The pseudonym "Philo Vaihinger" has been abandoned. All posts have been and are written by me, Joseph Auclair.

Tuesday, February 12, 2019

$ 1.4 B for fencing is not $ 5.7 B for a wall

No matter how some media try to save the Duce's and the Republicans' faces.

Budget deal allows far less money than Trump wanted for wall

The story below this absurd headline says the money is for conventional fencing.

Not a penny for wall.

The agreement means 55 miles (88 kilometers) of new fencing — constructed through existing designs such as metal slats instead of a concrete wall — but far less than the 215 miles (345 kilometers) the White House demanded in December. 

The fencing would be built in the Rio Grande Valley in Texas.

It's not just AP.

Others, too, are calling it "wall money" in their lying headlines, and fencing money in the stories themselves.

But not everybody is playing around with fig-leaves.

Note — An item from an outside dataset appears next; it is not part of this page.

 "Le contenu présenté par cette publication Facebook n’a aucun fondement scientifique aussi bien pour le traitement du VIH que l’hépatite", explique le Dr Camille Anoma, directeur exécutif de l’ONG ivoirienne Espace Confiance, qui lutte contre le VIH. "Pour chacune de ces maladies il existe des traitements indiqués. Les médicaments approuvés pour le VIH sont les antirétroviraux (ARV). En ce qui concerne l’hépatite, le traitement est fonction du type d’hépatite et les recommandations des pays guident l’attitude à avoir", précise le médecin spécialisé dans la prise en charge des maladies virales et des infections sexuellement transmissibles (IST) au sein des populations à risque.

Trump Likely to Accept Defeat on Wall Funding – and Claim He’ll Get His Money Elsewhere

After a brief moment when it looked like negotiations were breaking down as the deadline for avoiding a second government shutdown approached, a deal seems to be falling into place. 

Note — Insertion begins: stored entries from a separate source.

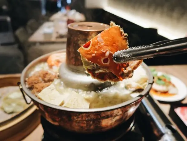 鍋裡有滿滿配料與海味, 鮮蝦、蚵子、蛤蠣、螃蟹、凍豆腐、手工豬肉丸、豆腐 ,用料非常豐富!
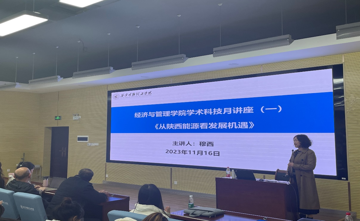 为开拓广大师生的知识视野,了解专业、行业发展现状和前景。经济与管理学院于11月16日下午在建德楼201举办学术科技月系列讲座第一讲,邀请学院能源经济研究中心主任穆西教授为师生做题为“从陕西能源看发展机遇”的专题讲座。学校科技处副处长周强,经济与管理学院副院长雷娟,能源经济专业负责人张荣斌、专业教师及经济与管理学院部分学生参加了学习。讲座由经济与管理学院副院长雷娟主持。
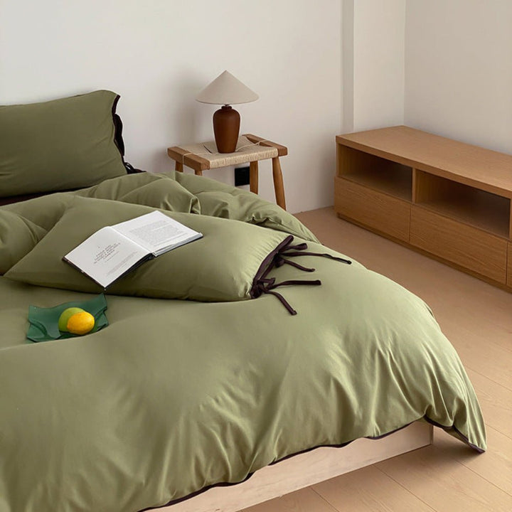 Evangeline Pastel Bow Tie Twill Bedding Set / Green

And by any normal measure, it represents a humiliating defeat for Donald J. Trump, as the Washington Post’s Aaron Blake observes:
The deal as laid out does include some border fencing — $1.375 billion worth, or 55 miles. 
That’s well shy of the $5.7 billion and 200 miles in wall funding he demanded that led to the shutdown, but it’s not nothing. 
Trump could argue that he got something out of the 35-day government closure. 
But only if you ignore two very important things. 
One is that this compromise includes a concession to Democrats, too: a reduction in the number of detention beds … 
But the bigger issue is this: 
The amount of funding is actually shy of the original deal Republicans and Democrats reached last year that Trump rejected. 
At that time, the spending bill for the Department of Homeland Security included $1.6 billion for 65 miles of fencing, both slightly more than the current tentative deal.